The subproof is completed by applying H3.
set y6 to be mul_SNo (mul_SNo x1 (mul_SNo x2 x3)) y4
Claim L5: ∀ x7 : ι → ο . x7 y6x7 (mul_SNo (mul_SNo (mul_SNo x1 x2) x3) y4)
Let x7 of type ιο be given.
Apply mul_SNo_assoc with x2, x3, y4, λ x8 x9 . (λ x10 x11 . (λ x12 . x7) (mul_SNo x10 x5) (mul_SNo x11 x5)) x9 x8 leaving 3 subgoals.

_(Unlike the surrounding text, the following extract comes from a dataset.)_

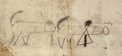 A pornographic doodle was recently discovered in one of Leonardo da Vinci’s many notebooks. The famous painter’s lesser known sketch is of two cocks with legs and tails walking toward what appears to be a crudely drawn ass-hole! Historians believe the drawing was most likely done by Leonardo’s mischievous apprentice and lover, Salai. In fact, the anus is literally titled “Salai.” Cheeky!

The subproof is completed by applying H0.
The subproof is completed by applying H1.
The subproof is completed by applying H2.
set y7 to be λ x7 . y6
Apply L5 with λ x8 . y7 x8 y6y7 y6 x8 leaving 2 subgoals.
Assume H6: y7 y6 y6.
The subproof is completed by applying H6.
The subproof is completed by applying L5.
Let x5 of type ιιο be given.
Apply L4 with λ x6 . x5 x6 y4x5 y4 x6.
Assume H5: x5 y4 y4.
The subproof is completed by applying H5.